This was touching Mr. Morgan on the right key, who protested with great earnestness, that he had no objection to my being received in the mess; but only complained that the ceremony of asking his consent was not observed. “As for a sheltenman in distress,” said he, shaking me by the hand, “I lofe him as I lofe my own powels: for, Cot help me! I have had vexations enough upon my own pack.” And as I afterwards learned, in so saying, he spoke no more than what was true; for he had been once settled in a very good situation in Glamorganshire, and was ruined by being security for an acquaintance. All differences being composed, he untied his bundle, which consisted of three bunches of onions, and a great lump of Cheshire cheese, wrapped up in a handkerchief: and, taking some biscuit from the cupboard, fell to with a keen appetite, inviting us to share of the repast. When he had fed heartily on his homely fare, he filled a large cup, made of a cocoa-nut shell, with brandy, and, drinking it off, told us, “Prandy was the best menstruum for onions and sheese.” His hunger being appeased, he began to be in better humour; and, being inquisitive about my birth, no sooner understood that I was descended of a good family, than he discovered a particular good-will to me on that account, deducing his own pedigree in a direct line from the famous Caractacus, king of the Britons, who was first the prisoner, and afterwards the friend of Claudius Caesar. Perceiving how much I was reduced in point of linen, he made me a present of two good ruffled shirts, which, with two more of check which I received from Mr. Thompson, enabled me to appear with decency.

Meanwhile the sailor, whom Mr. Morgan had sent to the doctor, brought a prescription for his messmate, which when the Welshman had read, he got up to prepare it, and asked, “if the man was dead or alive.” “Dead!” replied Jack; “if he was dead, he would have no occasion for doctor’s stuff. No, thank God, death han’t as yet boarded him. But they have been yard-arm and yard-arm these three glasses.” “Are his eyes open,” continued the mate. “His starboard eye,” said the sailor, “is open, but fast jammed in his head: and the haulyards of his under jaw have given way.” “Passion of my heart!” cried Morgan, “the man is as pad as one would desire to be! Did you feel his pulses!” To this the other replied with “Anan!” Upon which this Cambro Briton, with great earnestness and humanity, ordered the tar to run to his messmate, and keep him alive till he should come with the medicine, “and then,” said he, “you shall peradventure pehold what you shall see.”

The poor fellow, with great simplicity, ran to the place where the sick man lay, but in less than a minute returned with a woful countenance, and told us his comrade had struck. Morgan, hearing this, exclaimed, “Mercy upon my salvation! why did you not stop him till I came?” “Stop him!” said the other; “I hailed him several times, but he was too far on his way, and the enemy had got possession of his close quarters; so that he did not mind me.” “Well, well,” said he, “we all owe heaven a teath. Go your ways, you ragamuffin, and take an example and a warning, look you, and repent of your misteets.” So saying, he pushed the seaman out of the berth.

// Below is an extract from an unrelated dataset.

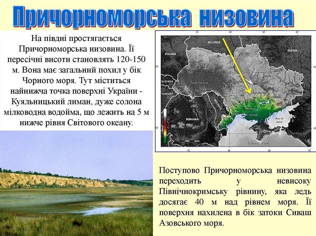 На півдні простягаєтьсяПричорноморська низовина. Її

While we entertained us with reflections suitable to this event, we heard the boatswain pipe to dinner; and immediately the boy belonging to our mess ran to the locker, from whence he carried off a large wooden platter, and, in a few minutes, returned with it full of boiled peas, crying “Scaldings” all the way as he came. The cloth, consisting of a piece of an old sail, was instantly laid, covered with three plates, which by the colour I could with difficulty discern to be metal, and as many spoons of the same composition, two of which were curtailed in the handles, and the other abridged in the lip. Mr. Morgan himself enriched this mess with a lump of salt butter scooped from an old gallipot, and a handful of onions shorn, with some pounded pepper. I was not very much tempted with the appearance of this dish, of which, nevertheless, my messmates ate heartily, advising me to follow their example, as it was banyan day and we could have no meat till next noon, But I had already laid in sufficient for the occasion, and therefore desired to be excused: expressing a curiosity to know the meaning of banyan day. They told me, that, on Mondays, Wednesdays, and Fridays, the ship’s company had no allowance of meat, and that these meagre days were called banyan days, the reason of which they did not know; but I have since learned they take their denomination from a sect of devotees in some parts of the East Indies, who never taste flesh.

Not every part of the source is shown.